Isabelle led again, and wet clods of earth from Medusa’s hooves rained down. Then the mare upped her pace, and Harry saw Isabelle’s ponytail standing upright as she disappeared around a bend. He gripped the reins farther up, the way his grandfather had taught him, without tightening them. The path was so narrow that branches whipped at him, but he crouched down in the saddle and squeezed his knees hard against the horse. He knew he would not be able to stop, so he concentrated on keeping his feet in the stirrups and his head low. At the margins of his vision, trees flashed past in yellow and red stripes. Automatically he rose in the saddle and put his weight on his knees and the stirrups. Beneath him muscles rippled and undulated. He had the feeling he was sitting on a boa constrictor. And now they had slipped into a kind of rhythm, accompanied by the thunderous drumming of the hooves on the ground. A sense of horror competed with a sense of obsession. The path straightened, and fifty yards in front of them Harry saw Medusa and Isabelle. For a moment it was as if the image were freeze-framed, as if they had stopped, as if horse and rider were floating above the ground. Then Medusa resumed her gallop. Another second passed before Harry realized.
And it had been a valuable second.
At police college he had read scientific reports showing that in catastrophes the human brain tries to process enormous quantities of data in seconds. For some officers this can lead to a paralysis, for others to a feeling that time is going slower, that life passes before them, and they manage to make an astonishing number of observations about and evaluations of the situation. Such as that at a speed of roughly forty miles an hour they had covered two-thirds of a mile and there was only one mile and some ninety seconds left to the chasm that Medusa had just crossed.
That it was impossible to see how wide it was.
That Medusa was a trained, fully grown dressage horse with an experienced dressage rider while Balder was younger and smaller and had a nearly two-hundred-pound novice on his back.

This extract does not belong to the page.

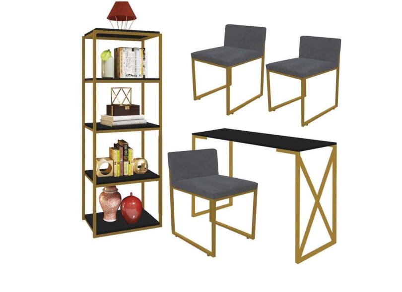 O menor preço encontrado no Brasil para Kit Escritório Bex 3 Cadeiras Suede Cinza com 1 Mesa e 1 Livreiro Ferro Dourado MDF Preto - Ahazzo Móveis atualmente é R$ 1.949,90.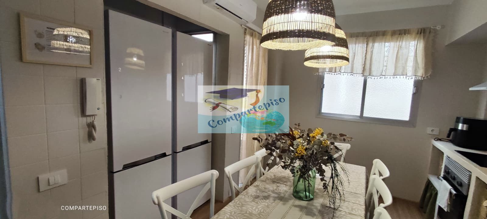 Cocina equipada, para que cocines tus platos preferidos, una gran mesa por si quieres compartirla con tus compañeros.

That Balder was a herd animal, and of course Isabelle Skøyen knew that.
That it was too late to stop.
Harry relaxed his hands on the reins and dug his heels into Balder’s sides. Felt a last surge of pace. Then all went still. The drumming stopped. They were floating. Far beneath them he saw a treetop and a stream. Then he was thrust forward and banged his head against the horse’s neck. They fell.